High Desert is an upcoming comedy television series created and written by Nancy Fichman, Katie Ford and Jennifer Hoppe-House that is set to premiere on Apple TV+. It was originally ordered at Apple in September 2020.

Premise
The series follows Peggy (Arquette), an addict, who decides to make a new start after the death of her beloved mother with whom she lived in the small desert town of Yucca Valley, California. She makes a life-changing decision to become a private investigator.

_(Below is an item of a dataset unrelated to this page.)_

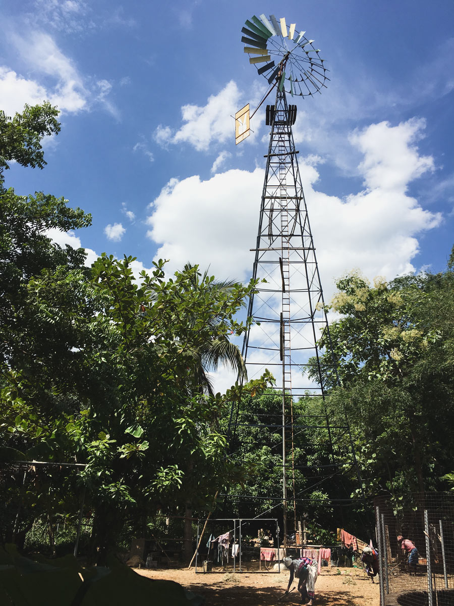 Karen Anderson strides past the entrance to Solitude Farms in Auroville, South India.

Matt Dillon will play Denny, Peggy’s ex, and an undeniably charming parolee and a relentless operator. Friend will play Guru Bob, a local ex-anchorman, who, after a trauma, rebrands himself as a mystic desert personality. Opia stars as Carol, Peggy’s closest friend — the bored fiancé of an ER doctor, and a permissive new stepmother — who has a secret of her own. Garrett plays Bruce, a private investigator whose business is circling the drain, and who becomes Peggy’s reluctant employer. Peters will recur as Rosalyn, Peggy’s complicated mother. Taylor recurs as Dianne, Peggy’s buttoned-up sister, who tries to make order of Peggy’s chaos

Cast

Main
 Patricia Arquette as Peggy
 Matt Dillon as Denny
 Rupert Friend as Guru Bob
 Weruche Opia as Carol
 Brad Garrett as Bruce

Recurring
 Bernadette Peters as Rosalyn
 Christine Taylor as Dianne
 Carmine Giovinazzo as Nick Gatchi
 Carlo Rota as Arman
 Jeffrey Vincent Parise as Roger
 Tracy Vilar as Tina
 Keir O'Donnell as Stewart
 Susan Park as Tammy

Episodes

Production
The series, created by Nancy Fichman, Katie Ford and Jennifer Hoppe-House, was given a greenlight in September 2020 by Apple TV+, with Patricia Arquette set to star in the series as well as executive produce along with Ben Stiller, who was set to direct the first episode.

In November 2021, Matt Dillon, Rupert Friend, Weruche Opia and Brad Garrett were added to the main cast of the series, with Bernadette Peters and Christine Taylor cast in recurring roles. Stiller would no longer be directing the first episode, as Jay Roach had joined the series to direct all eight episodes.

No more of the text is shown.